* _DATA EXCERPTS_:
Segment Open

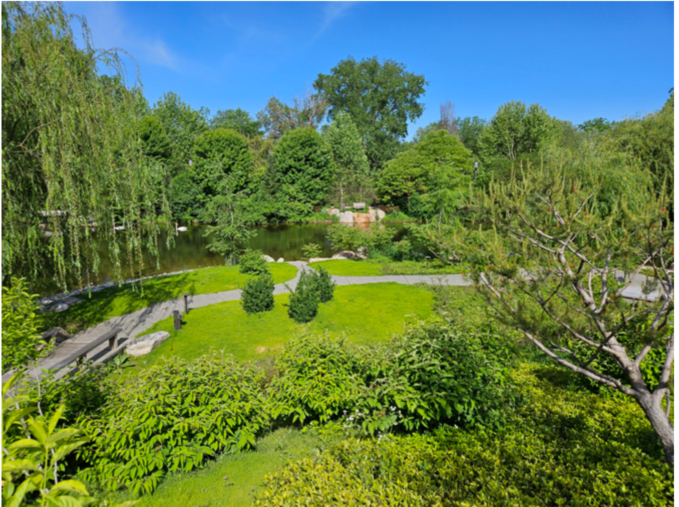
Grassy lower area

All Island Garden rentals include both the grassy lower area and the Wood pavilion. Chairs can face east, west, with or without an aisle.
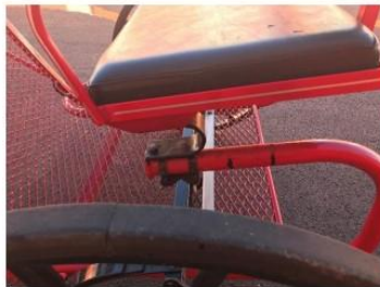
Springs on axel and on seat
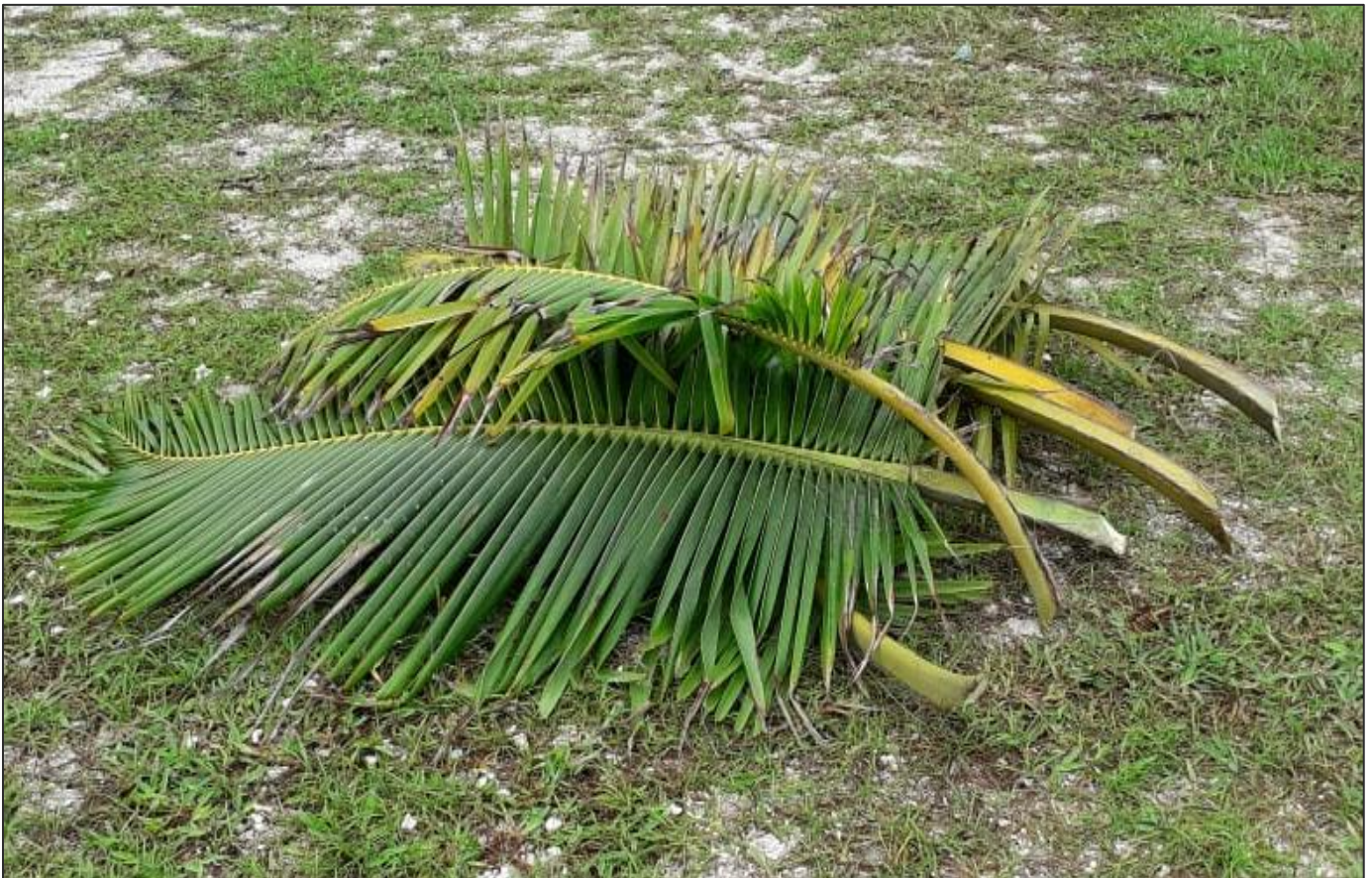
Cut branches are found lying on the public beach

As at date, no other such cases have been reported.
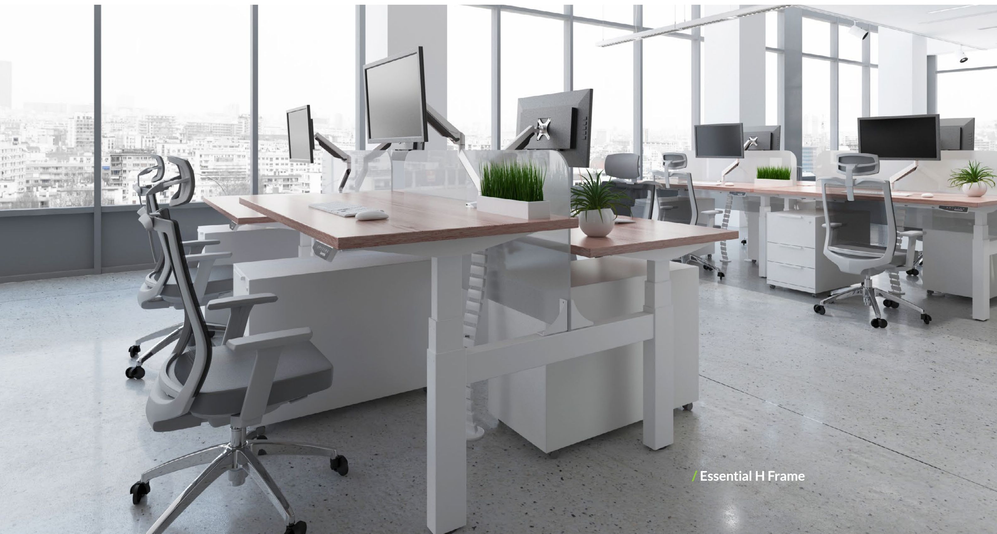
/ Essential H Frame
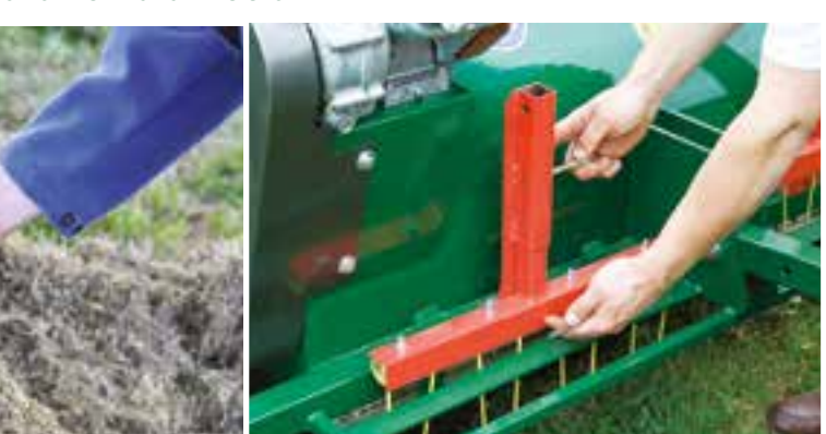
NO MUCK, NO WORMS
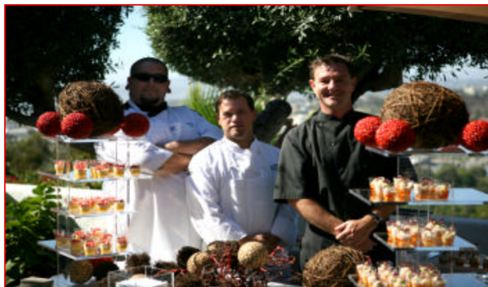
Urban Kitchen Culinary Team Laurel/Chive/Kensington Grill
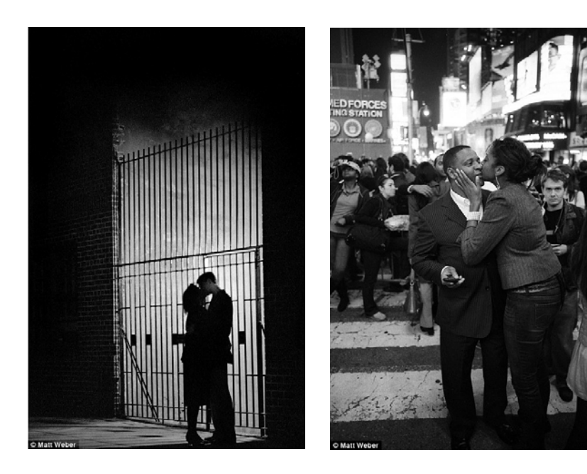
Making history: A couple embraces in Midnight Kiss, taken in 1989 (left), and a woman kisses a man following the election in Obama Victory Kiss, taken in 2008 (right)
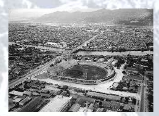
Fig. 11 Hiroshima Municipal Baseball Stadium after completion (1958)
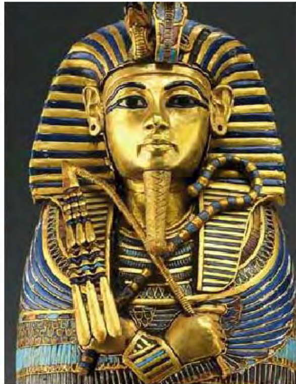
Canopic Coffinette of Tutankhamun
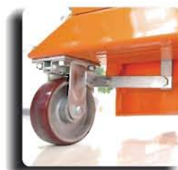
Automatic Brake System-Option
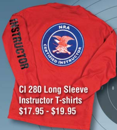
CI 280 Long Sleeve Instructor T-shirts $17.95 - $19.95

NRAstore™ products are specifically designed with instructors in mind — to make you feel even more at home on the range!
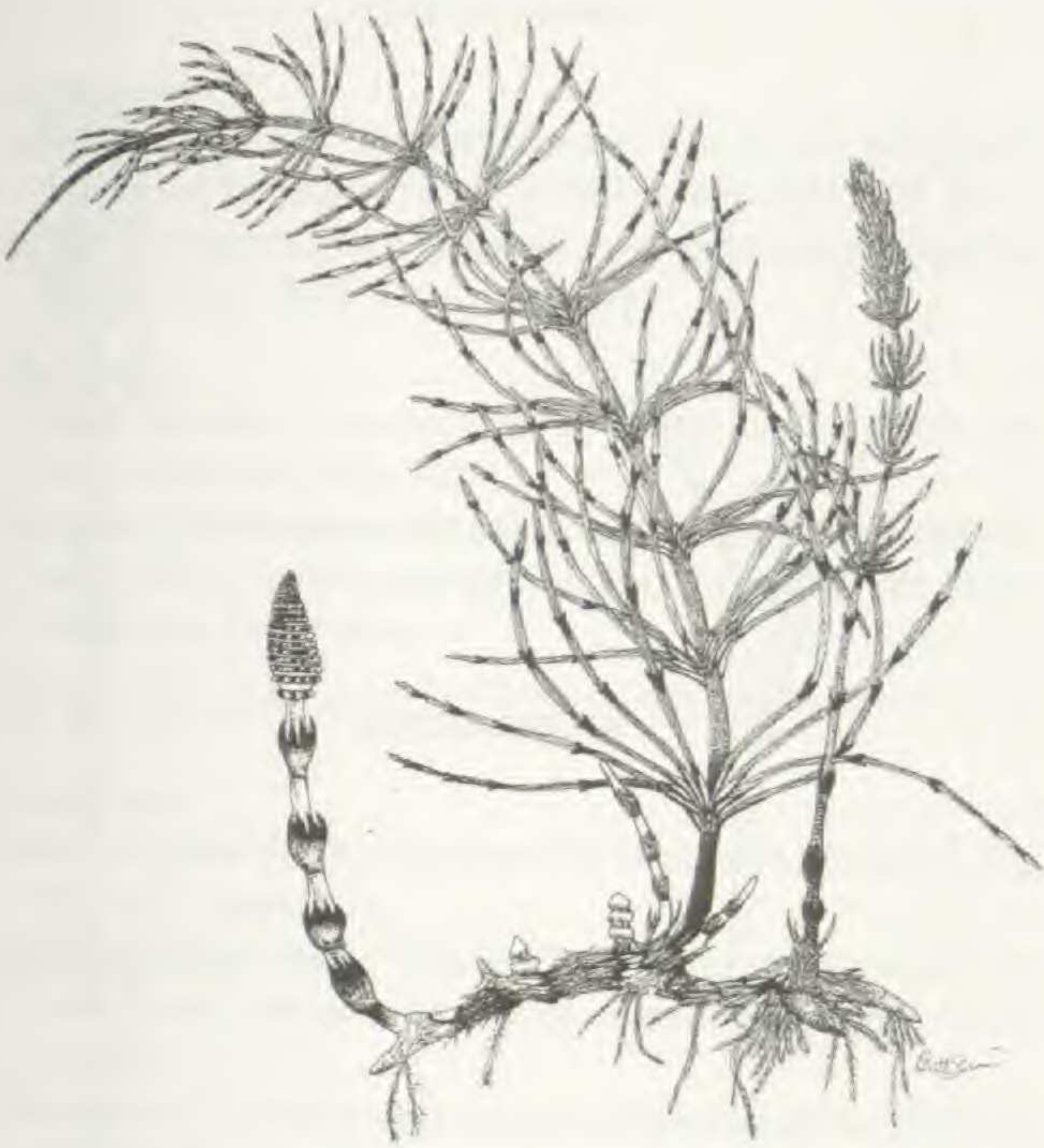
FIG. 2. Equisetum arvense .
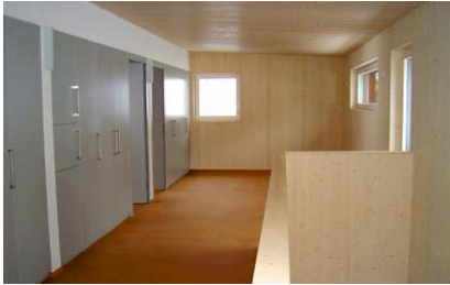
Open working space on the upper floor
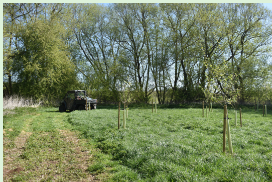
Lady's Orchard located at Snipe Meadow
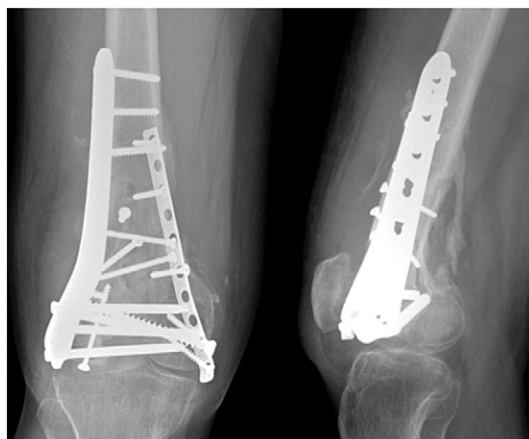
Fig. 7. Radiographs at follow-up of 6 months showing good consolidation.

Extruded bone fragments can be successfully reimplanted to aid in the restoration of leg length and alignment, and preservation of optimum function. But striking the balance between maintaining cell viability and
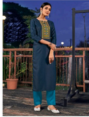
{ 3.3.6.5 }
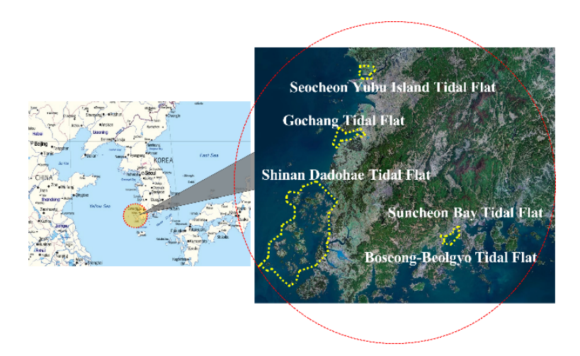
Fig 2. Location of The Southwestern Coast Tidal Flats

The Southwestern Coast Tidal Flats' are located in the southwestern part of Korean Peninsula. In the year of 2010 when 'The Southwestern Coast Tidal Flats' were inscribed on tentative list, they covered the tidal flats of Gochang-gun and Buan-gun, Jeollabuk-do, and Suncheon-si, Boseong-gun, Muan-gun, Shinan-gun, Jeollanam-do. After a few changing processes, tidal flats of Seocheon-gun, Chungcheongnam-do, Gochang-gun, Jeollabuk-do, and Suncheon-si, Boseong-gun, Shinan-gun, Jeollanam-do are sought to be inscribed on UNESCO's World Heritage List from 2015 on. The whole area of the tidal flats is about 59,000ha, and ShinanDadohae Tidal flat in Shinan-gun is about 45,000ha and it occupies 76.3% of the whole area.
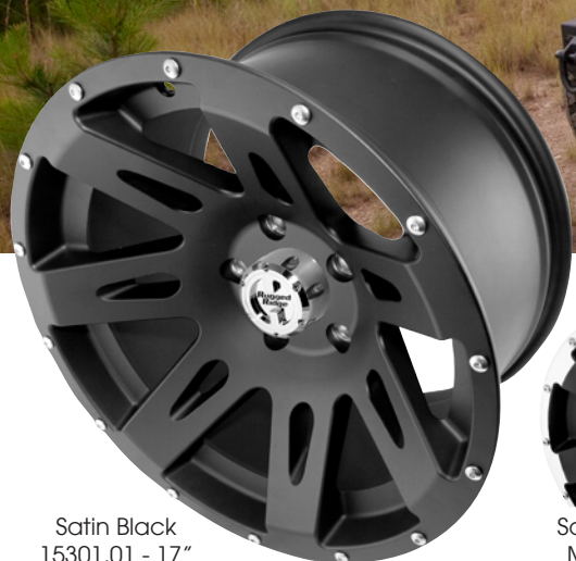
Satin Black 15301.01 - 17" 15305.01 - 18" 15306.01 - 20"
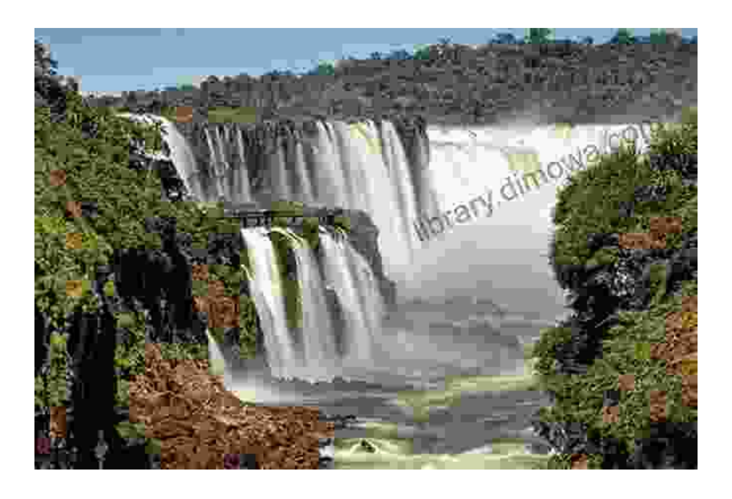
The Devil's Throat, a mesmerizing and thunderous spectacle
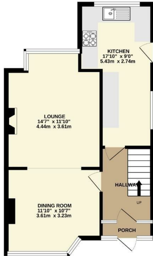
GROUND FLOOR 483 sq.ft. (44.9 sq.m.) approx.
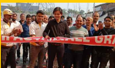
Muzaffarpur Automall 25 th February 2023
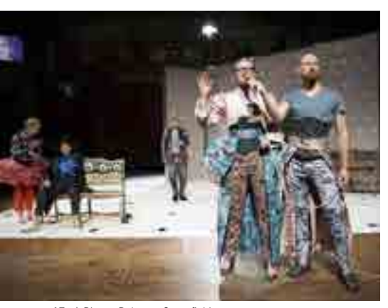
17c | Photo: Rebecca Greenfield
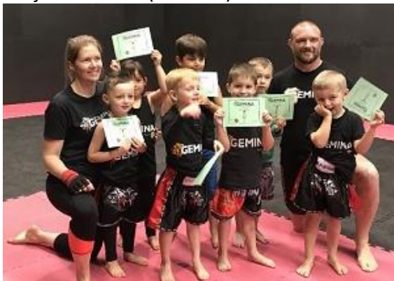
Ninja's – Green (Grade 3)
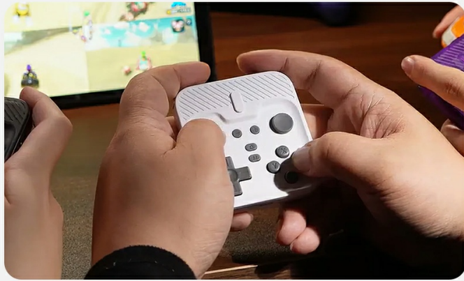
Image: Setup for NS mode, compatible with various emulators and Switch consoles.
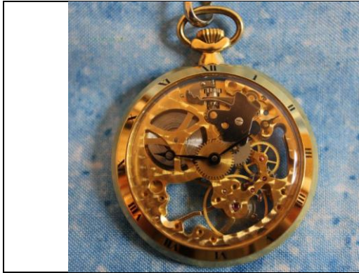
WNS-PW-6015 - Colibri - Swiss - 17J - Skeleton - Full Front View
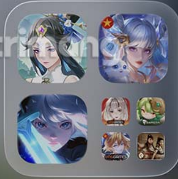
Đã thêm gần đây
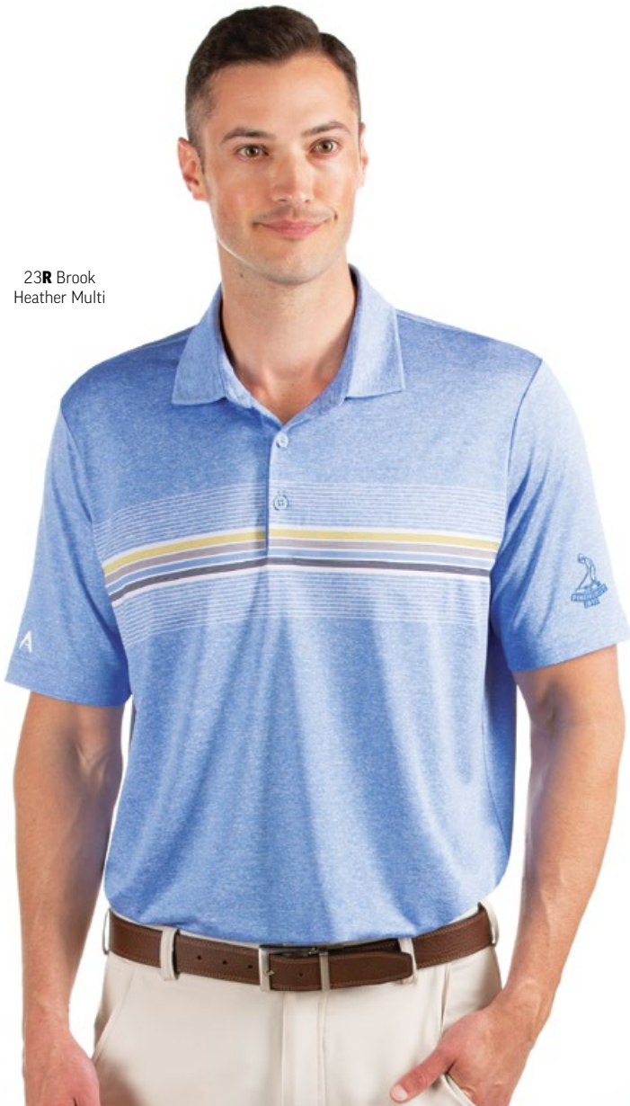
23R Brook Heather Multi

Segment Closed

* _TASK DESCRIPTION_: Give back the exact lines above, running from the one that has "Canopic Coffinette of Tutankhamun" through the one that has "NRAstore™ products are", with nothing added and no pictures.

* _RESPONSE TO THIS EXERCISE_:
Canopic Coffinette of Tutankhamun
Automatic Brake System-Option
CI 280 Long Sleeve Instructor T-shirts $17.95 - $19.95

NRAstore™ products are specifically designed with instructors in mind — to make you feel even more at home on the range!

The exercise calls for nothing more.